Once it was announced that Doc Rivers would be taking over the Sixers vacant head coach position, fans of the team were quick to jump to all sorts of excitement. Finals predictions were thrown around left and right as if Doc was the final missing puzzle piece.

I like Doc, he’s a solid coach, but things might not all be sunshine and rainbows for the veteran HC in Philly. In fact, I’ve identified three main reasons Rivers might actually have a rough go as the Sixers’ new coach.


Lofty Expectations

It’s no secret that Philadelphia as a whole demands winning when it comes to their professional sports teams, but sometimes the expectations that come with coaching in Philly can genuinely get to an extreme level. Not even a full calendar year into Joe Girardi’s tenure as Phillies manager and people are calling for his head. The same could happen with Doc.

Rivers is not pulling up to the Sixers staring at a team ready to contend for a championship, in fact, he left that very thing behind in Los Angeles. Despite the new coaching hire, the Sixers still possess one of the oddest constructed rosters in all of basketball.

Al Horford is still on the team at the moment, Tobias Harris is at best an okay fit next to Embiid and Simmons, and Josh Richardson didn’t seem to mesh well at all during his first season as a 76er. The team essentially has zero point guards on the roster currently, no true backup center, and their sixth man is Furkan Korkmaz.

I don’t know about you, but that just doesn’t really sound like a very good team? 

Doc is good at his job, but I’m not positive if he can elevate this jumbled mess to that of an instant world champion. At least not in his first season.

Sixers Have A Dysfunctional Front Office

It’s no secret that the Sixers have one of the worst-performing front offices in all of basketball at the moment, in fact it’s pretty much become common knowledge to the average fan these days given how often people tweet about Jimmy Butler leaving Philadelphia. Once again, Doc is a very good head coach, but it’s quite possible that not even he can combat the forces above him actively working against the team’s interests.

For example, if Elton Brand and the rest of the Philly front office decides they simply just don’t want to trade away Horford this offseason, there’s really nothing Doc can do about it. If they decide they don’t want to prioritize shooting in the draft, there’s nothing that Doc can really do about it. Rivers has flexed his muscle in the past when it comes to roster construction with other teams, but there’s zero guarantee he gets that same treatment in Philadelphia.

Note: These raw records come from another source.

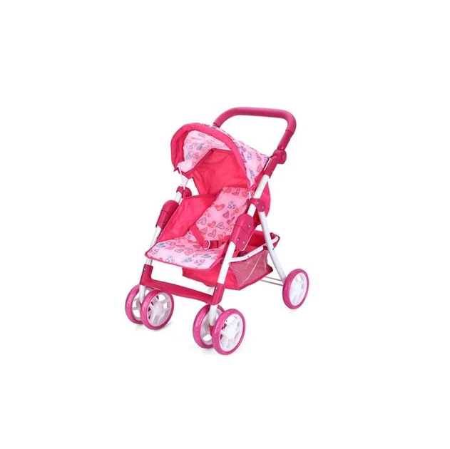 Коляска MELOGO для ляльки з кошиком прогулянкова рожева із сердечками (9352/011-PNBLS)
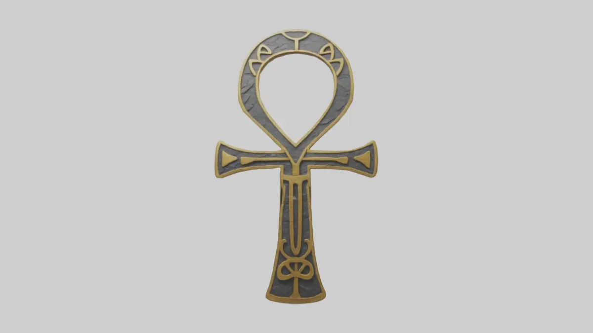 Ankh-Symbol, 3D-Modell, altes ägyptisches Symbol, Leben und Unsterblichkeit, historische Projekte, kulturelle Assets, dekorative Zwecke, hochwertige Texturen, 3D-Spieldesign, Simulationsasset, altes Ägypten, symbolisches Modell, realistische Details, Umgebungsdesign
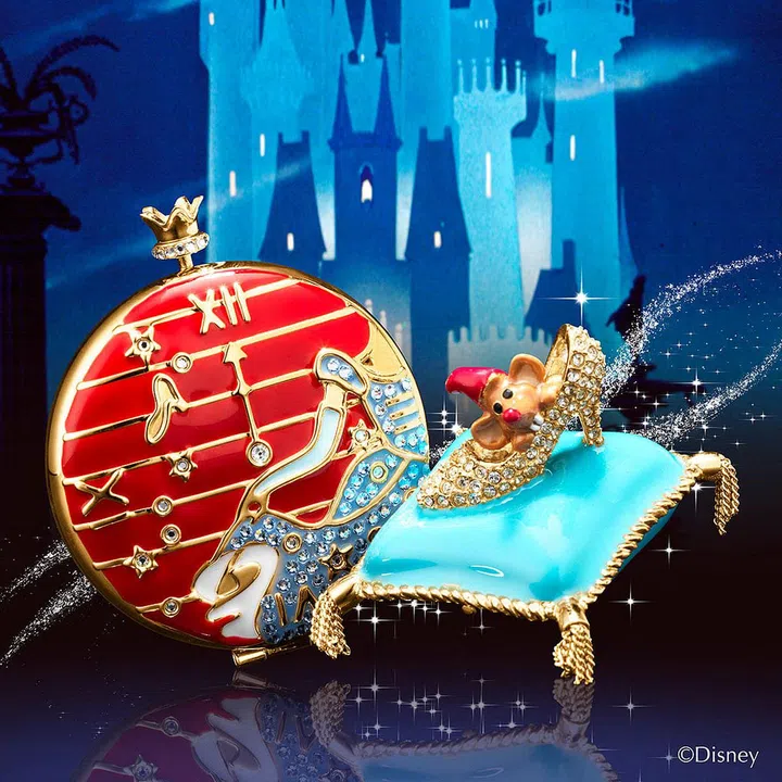 WHEN THE CLOCK STRIKES TWELVE Cinderalla Small Metal Compact, $350; A DREAM IS A WISH YOUR HEART MAKES Cinderella Solid Perfume, $560

If the front office once again pulls all the wrong strings this offseason in terms of building a competitive roster, Doc will unfortunately still receive a fair amount of the blame. This fanbase has had zero problem scapegoating a coach for his team’s front office failures in the past, and I see no reason why they wouldn;t do it again (yes I’m talking about Brett Brown).


Poor Playoff Track Record could haunt Sixers

Whether you want to admit it or not, Doc Rivers’ poor playoff performances in recent years are very, very real. He’s the only head coach in NBA history to blow two separate 3-1 leads, and that didn’t just magically disappear upon his arrival to Philadelphia.

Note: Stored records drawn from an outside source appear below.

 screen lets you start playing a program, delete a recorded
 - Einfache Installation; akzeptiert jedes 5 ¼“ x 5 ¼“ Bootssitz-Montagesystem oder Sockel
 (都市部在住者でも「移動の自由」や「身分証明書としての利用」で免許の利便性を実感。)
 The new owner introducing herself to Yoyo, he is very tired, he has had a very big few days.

The Sixers never made the Eastern Conference Finals under Brett Brown, and that was one of the major reasons he saw his tenure as head coach finally come to an end. Josh Harris committed five years to Rivers on paper, but all it would take is one or two really bad playoff losses and that contract would get ripped up, just like it was in LA.

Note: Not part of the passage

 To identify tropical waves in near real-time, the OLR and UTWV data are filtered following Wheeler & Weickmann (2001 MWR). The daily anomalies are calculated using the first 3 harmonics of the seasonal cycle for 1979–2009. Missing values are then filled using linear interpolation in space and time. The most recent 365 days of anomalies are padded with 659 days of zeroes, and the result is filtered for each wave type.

People will be quick to cite Rivers’ lone championship in 2008, but that was *checks notes* twelve years ago. Basketball is very much a “what have you done for me lately” league, and Rivers will have to quickly ditch the stigma around him that he struggles in the playoffs if he wants to survive in Philly.

Doc Rivers was a good hire, and undoubtedly a step in the right direction for a team that was fairly directionless. However, like all things, there will likely be some growing pains along the way.